• _Data block_:
---

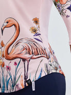 Pink Flamingo and Floral V-neck Button-Down 3/4 Sleeve Polo Shirt
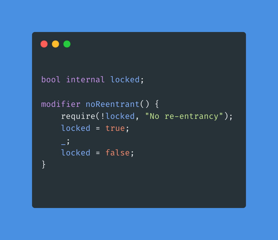Spoiler: Se você já ouviu falar sobre o modificador nonReentrant(), continue lendo porque você está prestes a descobrir algumas linhas abaixo do modificador globalNonReentrant() e do padrão verifica-efeitos-interações.
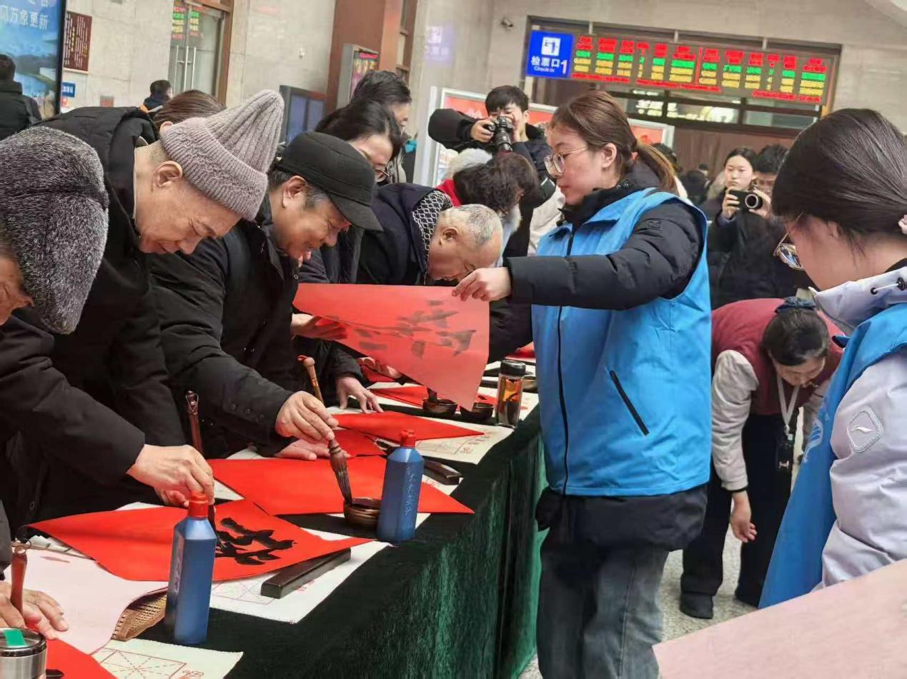 活动当天,实践队员们迅速投入到春运服务。在候车厅的“新春送福”点位,队员们为旅客书写春联与福字,当一幅幅饱含祝福的春联递到旅客手中时,候车厅里洋溢着浓浓的年味,不少旅客停下脚步也参与其中,排队书写属于自己的新春礼物,队员们也借此机会与旅客亲切交流,用轻松的话题缓解他们的旅途疲惫。

---

• _Your assignment_:
Output all data exactly, omitting images.

• _Solved problem_:
 Pink Flamingo and Floral V-neck Button-Down 3/4 Sleeve Polo Shirt
Spoiler: Se você já ouviu falar sobre o modificador nonReentrant(), continue lendo porque você está prestes a descobrir algumas linhas abaixo do modificador globalNonReentrant() e do padrão verifica-efeitos-interações.
 活动当天,实践队员们迅速投入到春运服务。在候车厅的“新春送福”点位,队员们为旅客书写春联与福字,当一幅幅饱含祝福的春联递到旅客手中时,候车厅里洋溢着浓浓的年味,不少旅客停下脚步也参与其中,排队书写属于自己的新春礼物,队员们也借此机会与旅客亲切交流,用轻松的话题缓解他们的旅途疲惫。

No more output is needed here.